Kültürlerin gelecek kuşaklara aktarılmasında büyük bir görev üslenen dil toplumsallaşmaya da en önemli katkıyı sağlamaktadır. Dilini kaybeden toplum her şeyini kaybeder, düşüncesine ben de katılıyorum.

Bir düşünür diyor ki; “bir devletin her tarafını işgal eder ekonomisini askerini yok edersiniz fakat o milletin kültürünü ve dilini yok etmedikçe o milleti yok edemezsiniz “diyor. Kültür erimesinin bir türlü önüne geçilmiyor. Hani atalarımızın bir sözü var” Zararın neresinden dönersen orası kar”dır.

Bu günden tezi yok bir eğitim alt yapısı oluşturup çocuklarımızı yabancı dil sevdasından vazgeçirmeliyiz. Onları birer Türkçe sevdalısı yapmak başta anne babalara daha sonrada onları emanet ettiğimiz Türkçe öğretmenlerine ve tüm eğiticilere düşüyor.

Aslında bu görev Türkçe kullanan bütün bireylerindir. Kısaca hepimizindir. Çocuklara ana dilin her çeşit ana dilin onurlu olduğunu anlatmak ve uydurma kelimelerinde düşüklük soysuzluk olduğunu aşılamak gerek. Bu konu devletin önemli bir politikası olması gerekir. Görsel, işitsel yazılı her alanda duyarlı ve ciddi bir kamuoyu oluşturulmalıdır. Avrupa’nın Polonya ve Fransa gibi ülkelerinde dili koruma yasası var. Bu bizde de olamaz mı ki bana göre her milletin dili kutsal ve ulusal değerdedir.

Türkçemizin gelişmesi, zenginleşmesi dilde birliğin sağlanması, bilimsel ve sanatsal her oluşumda Türkçenin güzel kullanılması bir zorunluluk olmalı. RTÜK ahlakla ilgileniyor da neden dille ilgilenmiyor. Türkçeyi güzel kullanmayanları uyarmak bence sosyal bir haktır.

Türkçemizde sanki karşılığı yokmuş gibi iş yerlerindeki tabelalara ne demeli ya uyduruk Türkçe ya da ya da sömürü kültürüyle süslemelerden ekonomik kazanç sağlayanlara ne demeli. Bu konuda bazı yerel yönetimlerin ciddi çalışmaları olduğunu biliyoruz. Fakat bu yeterlimi. değil.

Bu kadar yozlaşmaya karşın geçmişte ve günümüzde Anadolu dil birliğinin ayakta kalmasında şair ve yazarlar Türk dilinin dünyaya tanıtılmasında yardımcı olmuşlardır. Olmaya da devam etmektedirler.
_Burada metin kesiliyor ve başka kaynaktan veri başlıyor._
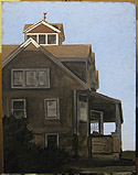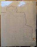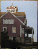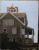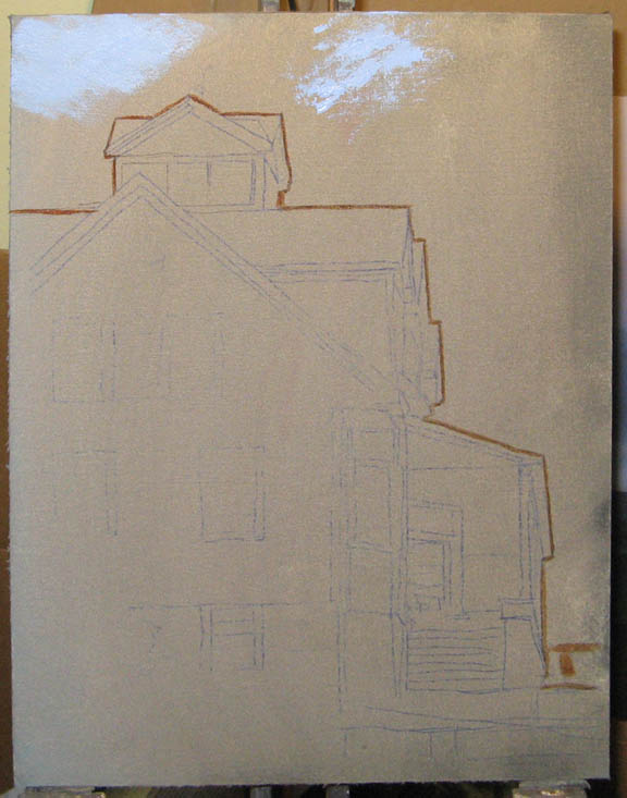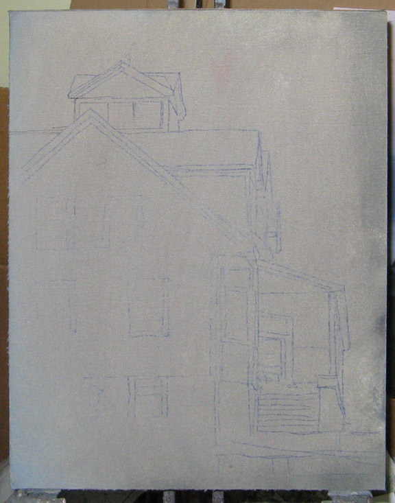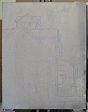 | This is painted from a digital photo and heavy alterations were done to the composition during the sketching phase; I moved the roof lines a bit and straightened up the perspective. If you want to see the original digital please ask. For this composition I started with a 14x11 canvas and washed it with the crud at the bottom of my thinner jar and allowed to dry for a day. I then layed my drawing over the canvas and transferred on the drawing with carbon. Its very important to work through compositional problems during the drawing phase as there is nothing worse than trying to fix the location of a building once you have paint transitions done. |  |

Geçmiş yüz yıllarda yaşamış; Yunus Emre. Karacaoğlan, Köroğlu gibi ozanların katkısını hepimiz biliyoruz. Osmanlılar Arapçayı devlet dili, Farsçayı da edebiyat dili olmasından saray ve çevresinde Osmanlı dili diye bir dil ortaya çıkmıştır.
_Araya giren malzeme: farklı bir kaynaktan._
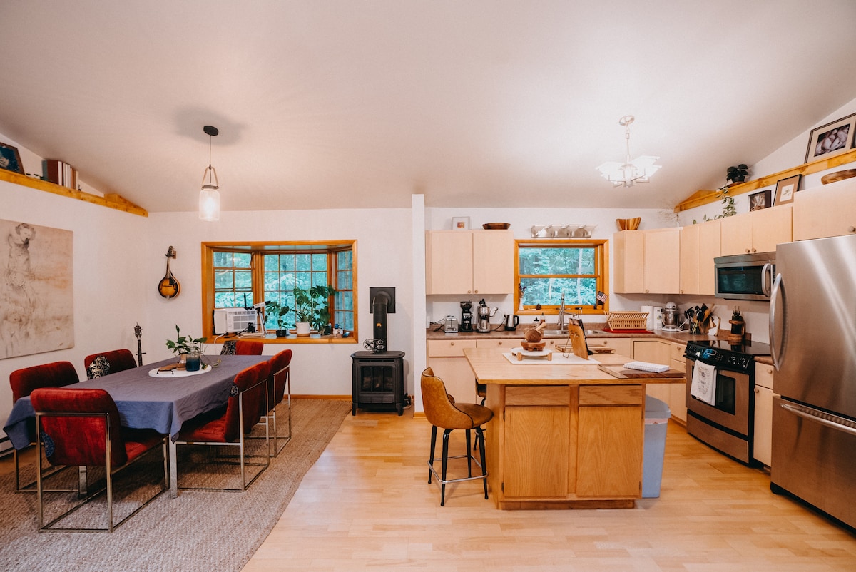 Tu santuario creativo: una tranquila cabaña de 2 camas en 6 acres privados de bosque. Está diseñado para ayudarte a desconectar. En lugar de televisión, encuentra materiales de arte e instrumentos esperando tu imaginación. Reproduce discos en el altavoz de vinilo/bluetooth. Leer junto a la chimenea. Deja que la cocina inspire tu horneado. Explora el lago Huron o practica senderismo y observación de aves en el parque estatal Port Crescent. Las noches traen la observación de estrellas del bosque. En la relajación final, mejora tu estancia alquilando la sauna móvil. Envíanos un mensaje cuando tu creatividad alcance su punto máximo.

Yukarıda bahsedilen sözünü dudaktan gözünü budaktan esirgemeyen ozanlar olmasaydı şimdi ya acemleşir yâda Araplaşırdık. Yazı dili ile halkın dili birbirini anlayabilmeliler. Nasıl ki karanlığın gölgesi olmazsa eriyen dili, kültürün geri dönüşümü olmaz. 1998 verilerine göre dilimizdeki sözcük sayısının 75000 olduğu tespit edilmiştir. Bu rakama göre dil hazinesi olarak ne kadar zengin olduğumuz ortadadır. İçinde bulunduğumuz şu ortamda bir yozlaşma cümle işlerinden kelimeleri seçerek konuşan bazı aydın bildiğimiz kişiler ve en çokta çeviri yapanlar dil kirliliği yapıyorlar.
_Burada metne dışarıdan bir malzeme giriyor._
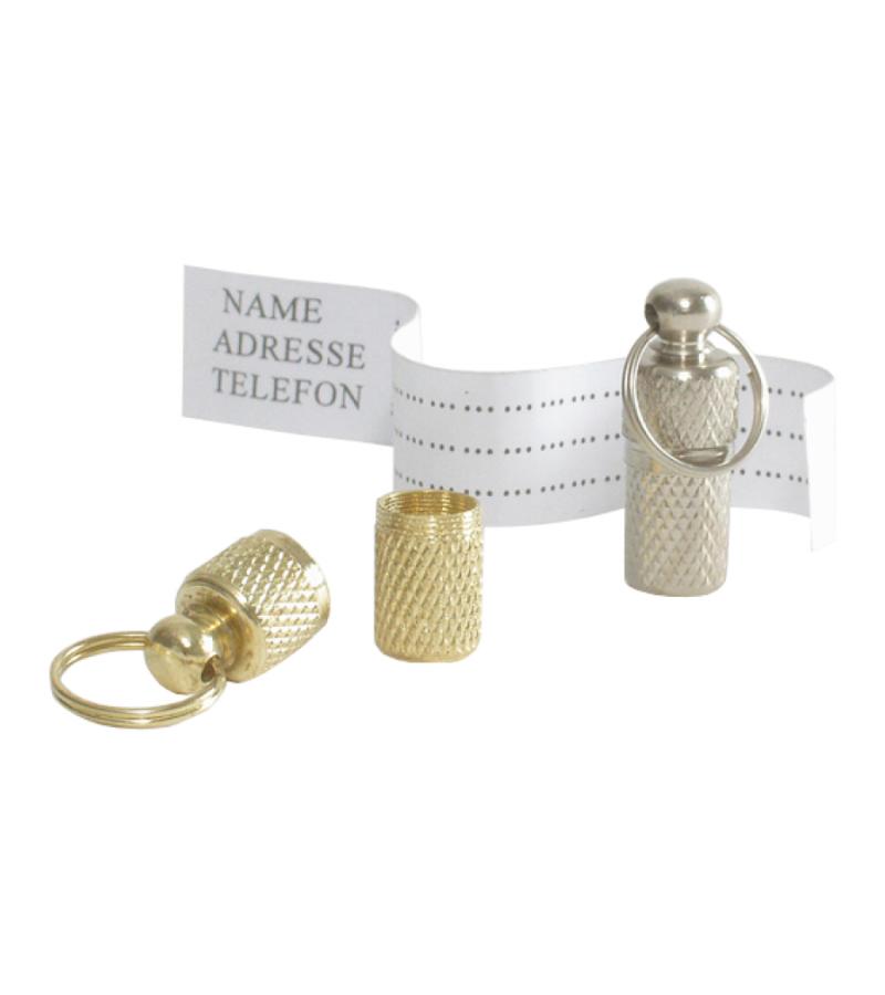 Een zilver of goudkleurige adreskoker voor uw hond met daarin een papiertje. Hierop kunt u de naam van uw hond, uw adres en telefoonnummer noteren, zodat bij vermissing uw huisdier weer snel terecht is.

Hepimizin de farkında olduğu önemli bir konuda dili ortak olarak kullanıyoruz gibi fakat bakıyoruz ki bilim dili, hukuk dili sokak dili ayrı oluyor. Hepside orta bir noktada birleşip yabancı sözcüklerin yerine uygun sözcükler bulunup konulmalı İyice düşünürsek şu kelimelere karşılık gelen hiç mi kelimelerimiz yok; hobi. Fobi kuzen stilist, desinetör, perafabrik, global, klas, klasik, terör, dijital, trent gibi. Şu anda dilimize girmiş iki bine yakın kelime var bu kelimelerin birçoğunun karşılığı olduğu halde bu kelimeleri kullanıyorlar.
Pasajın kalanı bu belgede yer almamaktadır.